Additionally, during my Amazon Summer Internship 2025, I developed a Differentiable GPU Kernel Autotuner, which achieved up to 60% higher accuracy in predicting optimal configurations compared to 16 other autotuning models.
Currently, I am collaborating with Oak Ridge National Lab on a distributed, differentiable framework for large-scale KGE training across hybrid compute tiers.

Featured Research

Differentiable GPU kernel autotuner with Transfer Learning

[Amazon AWS Internship 2025] I developed a robust, end-to-end differentiable GPU kernel autotuner for vLLM that achieves up to 1.6× higher accuracy using only 1% ground-truth data and enables transfer learning with up to 12.7% accuracy gains, reducing kernel tuning time from days to hours.

Aug 2025

SparseTransX: Efficient Training of Translation-Based Knowledge Graph Embeddings Using Sparse Matrix Operations

[MLSys 2025] I expressed and reformulated 10 KG embedding models using sparse–dense matrix multiplication (SpMM), achieving up to 5.3× CPU speedup, 4.2× GPU speedup, and up to 11.1× reduction in GPU memory footprint.

May 2025

A Sparse Approach for Translation-based Training of Knowledge Graph Embeddings

[SC24 Best Poster Finalist] In this work, I accelerated knowledge-graph embedding training by replacing traditional scatter/gather operations with sparse–dense matrix multiplication, reducing memory usage and achieving significant CPU, GPU, and multi-GPU speedups.

Nov 2024

Discover all 20+ research projects or view the full list of publications

Leadership Roles

I led and coordinated various academic and technical initiatives, including curriculum revisions, postgraduate programs, and programming contests at UIU, MIST, and BUET, fostering a culture of innovation and academic excellence across departments.
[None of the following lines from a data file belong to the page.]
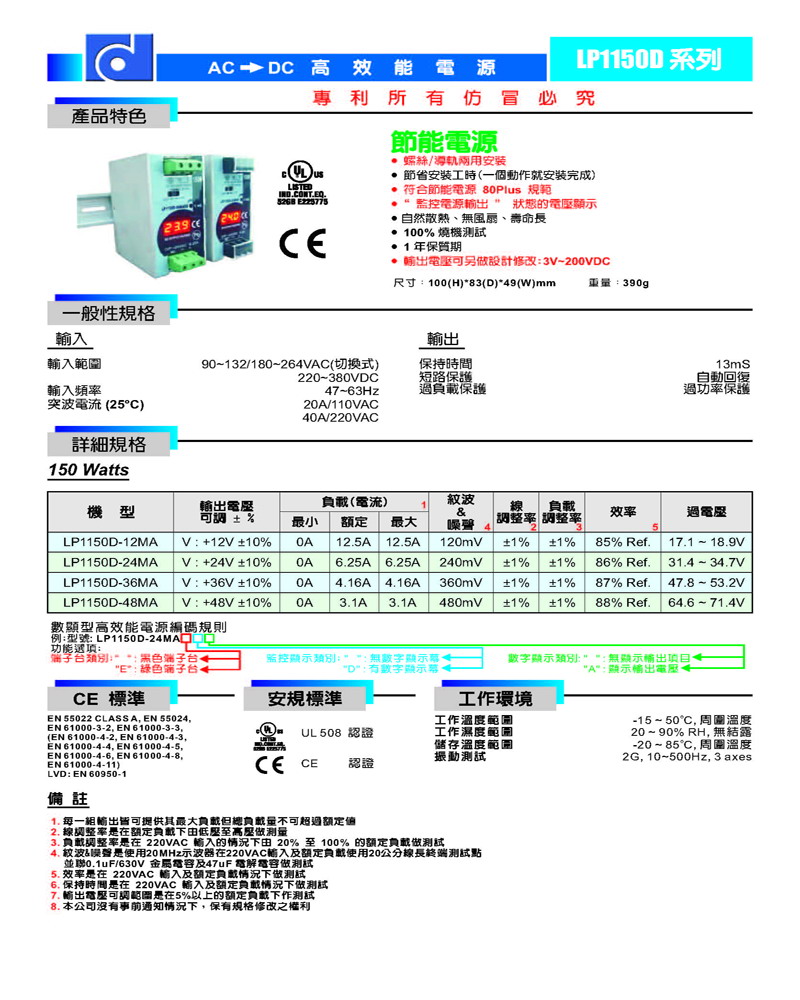 品牌:昂鼎-偉達源 型號:LP1150D-24MADA,24V6.25A數顯導軌式開關電源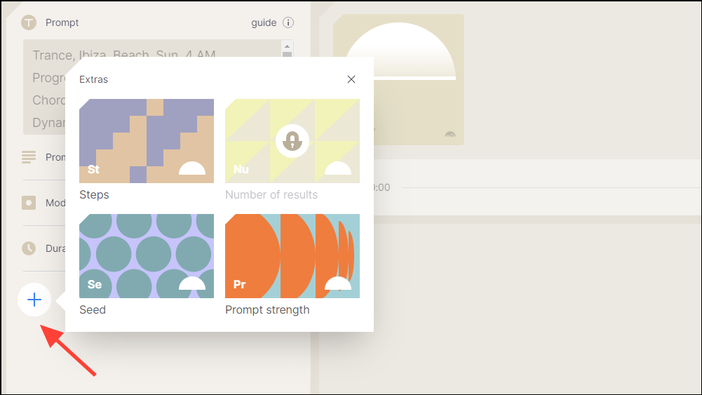 - The last item on the left side is the option 'Add Extras' that you can use to customize your audio. Click the '+' button to view the available options, which currently include 'Steps', 'Number Of Results', 'Seed', and 'Prompt Strength'.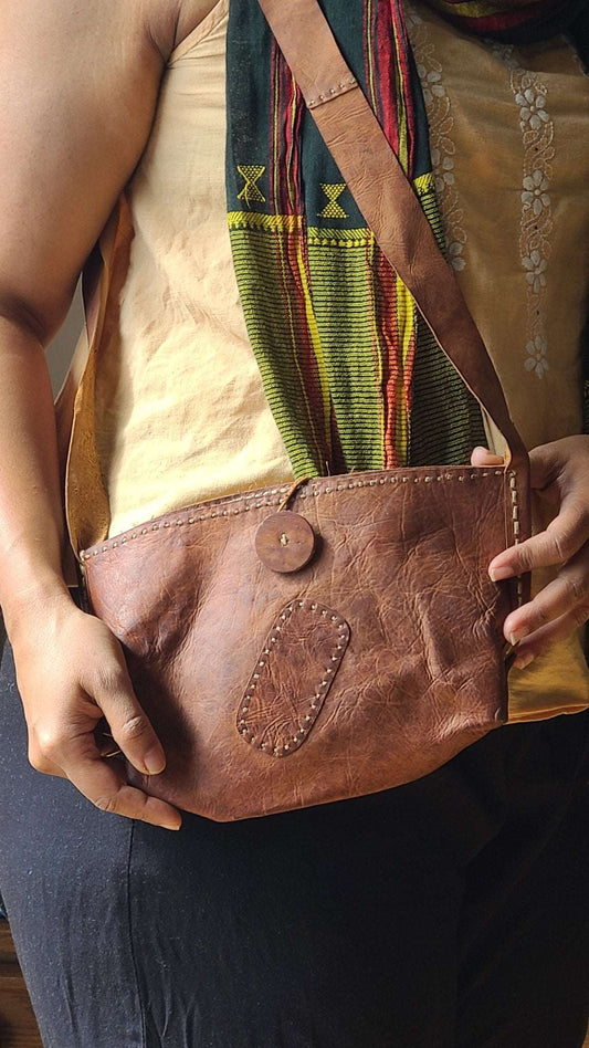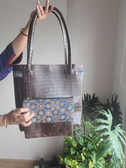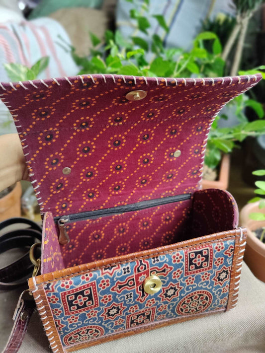 Exquisite Kutch Handmade Leather and Ajrakh Bag - Fusion of Artisan Craftsmanship and Traditional Prints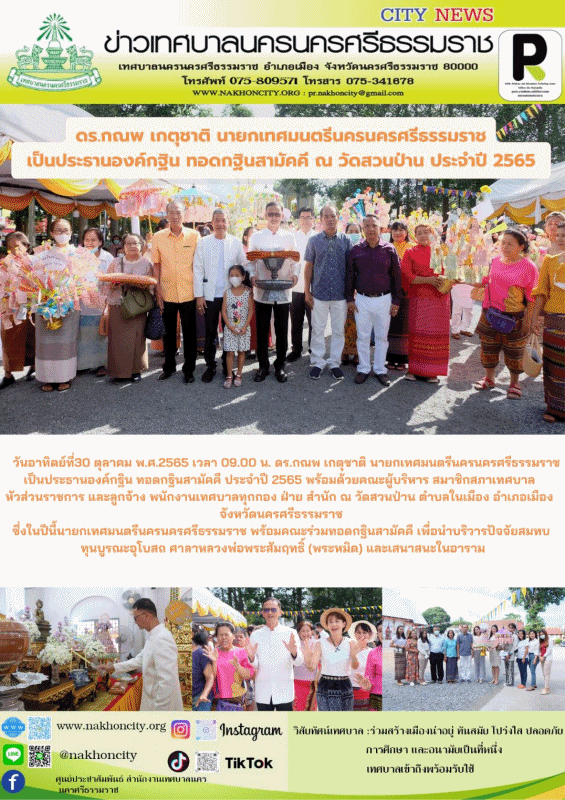 | ดร.กณพ เกตุชาติ นายกเทศมนตรีนครนครศรีธรรมราช เป็นประธานองค์กฐิน ทอดกฐินสามัคคี ณ วัดสวนป่าน ประจำปี 2565 |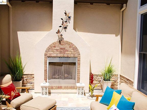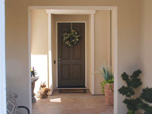 This home is a 10. Gated Trilogy at the Vineyards luxury home. Premium lot with solar. Easy walking distance to the Clubhouse and amenities. Model home with upgraded interior cherry wood accents throughout. Open concept design with 16 foot ceiling in living room. Chef kitchen with expansive granite counter, farmhouse sink, and 5 burner gas stove. New dishwasher, double oven/convection and warming drawer. Built in refrigerator matches upgraded impressive cherry wood cabinetry. Beautiful portico entry leads to a mosaic tile entry. Master bedroom with luxurious bathroom including a jetted spa tub. Inner courtyard with fireplace, limestone tile with sandstone veneer and electric awning. Corner private lot with beautiful front landscaping has views of open space and parks. Fully landscaped backyard with pavers, water feature, mature trees and plants. Garage includes custom epoxy flooring and built-in cabinets and workbench. Wired for sonic. Washer/Dryer do not stay.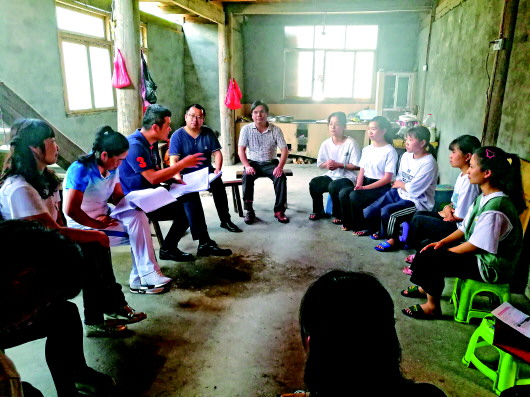 “山鳳凰”關愛基金資助管理單位人員與洪州鎮(zhèn)吝洞村在校大學生交流。受訪者供圖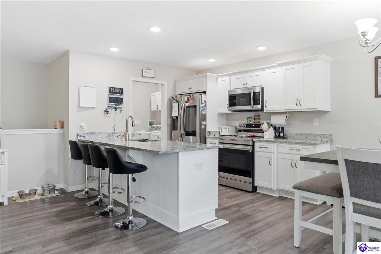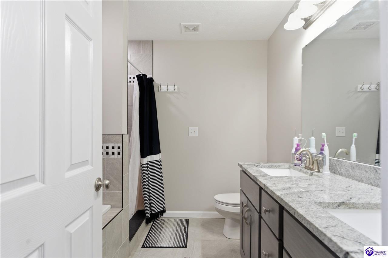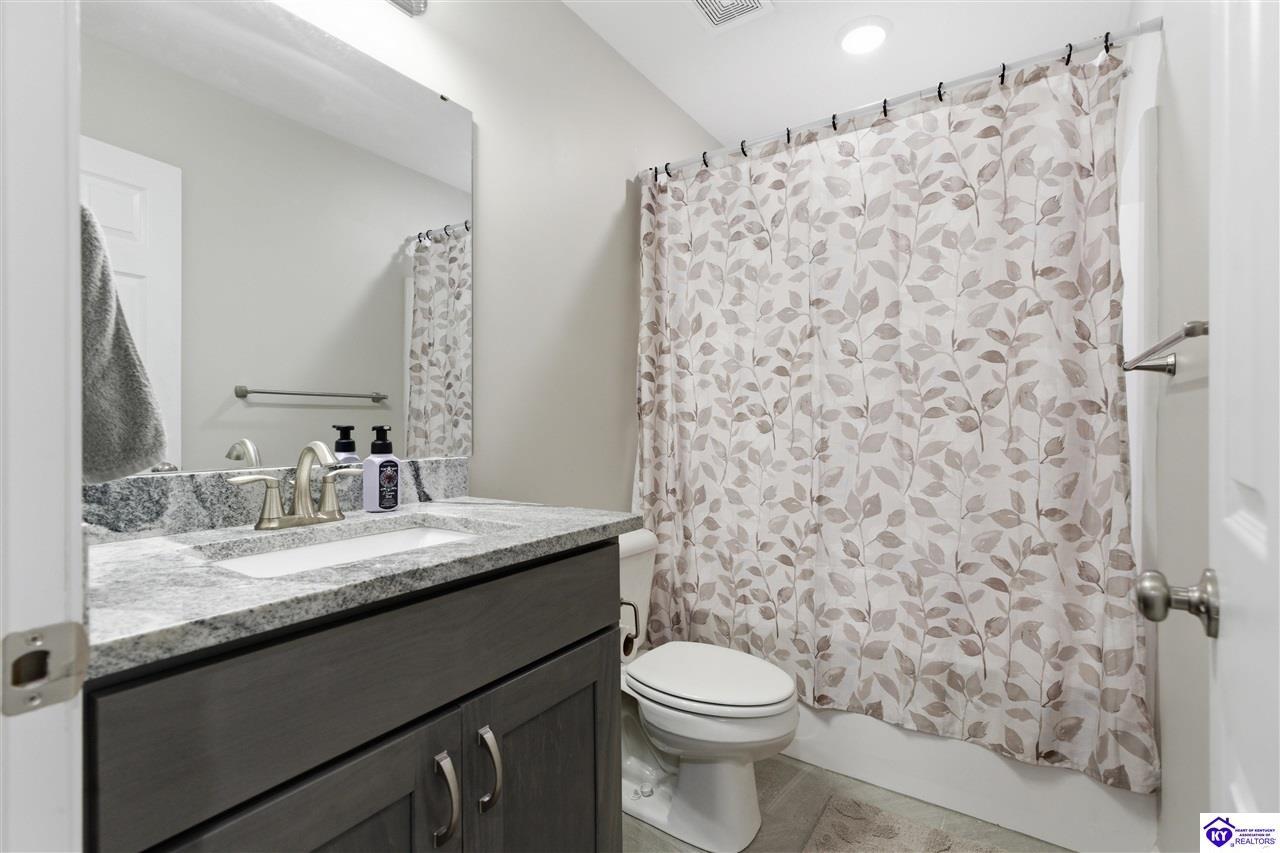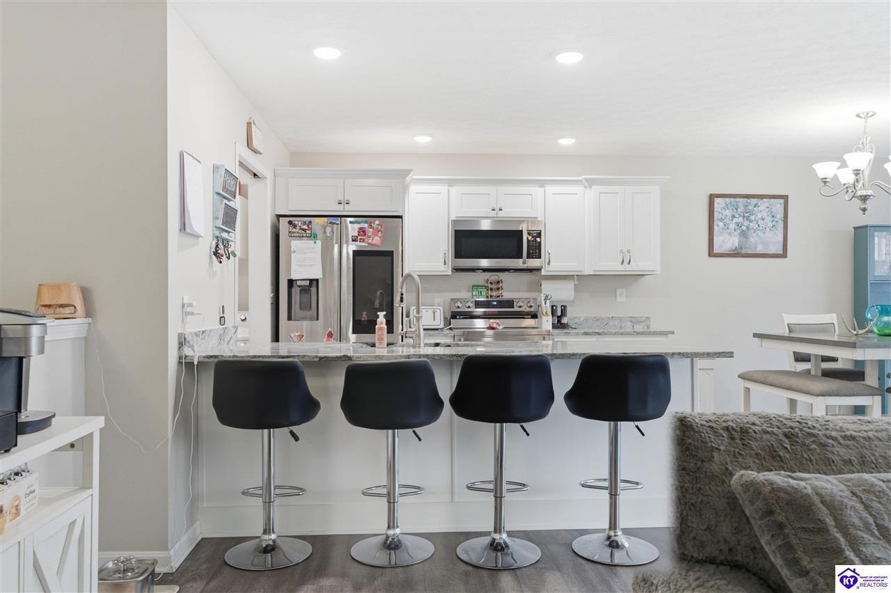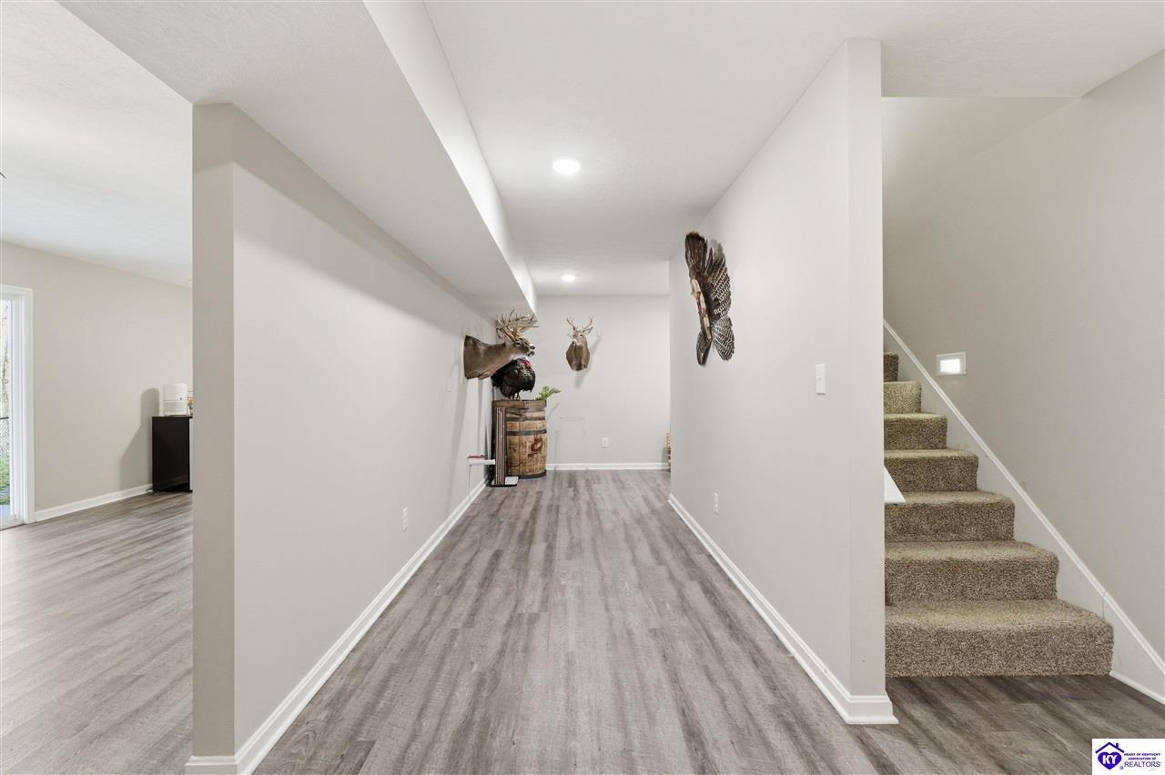Realtor's notes: Doe Valley • 2023 build • 4BR 3BA • Finished walkout with 4th bedroom and full bath • Granite kitchen • Samsung stainless • Rear deck • 2-car attached garage • Main-floor laundry • Bar sink rough-in Located in the gated Doe Valley community in Brandenburg, Meade County, 110 Ridge Pole Rd offers a clean, modern layout with an open main level built for everyday living and easy entertaining. The granite kitchen features Samsung stainless appliances, ample cabinet space, and an easy flow into the spacious living room. Step out to the rear deck for grilling, outdoor dining, or relaxing with a view of the backyard. The oversized primary suite includes a double vanity, soaking tub, and tile shower, and the laundry room is conveniently on the main floor. Two additional main-level bedrooms and a full bath add flexible space for guests, hobbies, or a home office. Downstairs, the finished walkout basement expands your options with a large second living area, an open storage space, plus a private fourth bedroom and full bath. Plumbing is already in place for a future bar sink (no sink installed), ideal for a game day setup or refreshment station. Enjoy year-round Doe Valley amenities including golf, lake and marina access, swim and tennis options, tennis courts, and a beach area. Convenient to Brandenburg shopping and dining, with an easy drive toward Fort Knox and Elizabethtown, and approximately 37 miles to Louisville International Airport.

See all my leadership roles and initiatives here.

Exploration

I deepen my ML systems expertise by solving LeetGPU problems across PyTorch, CUDA, and Triton, building intuition for low-level kernel design and performance trade-offs. I stay current with ML infrastructure and systems trends by developing small experimental tools and continuously expanding my software skill set, with 12+ open-source and commercial projects in Python, C++, and Java. I also regularly read and distill recent ML systems papers, sharing relevant hands-on tutorials and technical walkthroughs on my blog to communicate systems concepts clearly and effectively.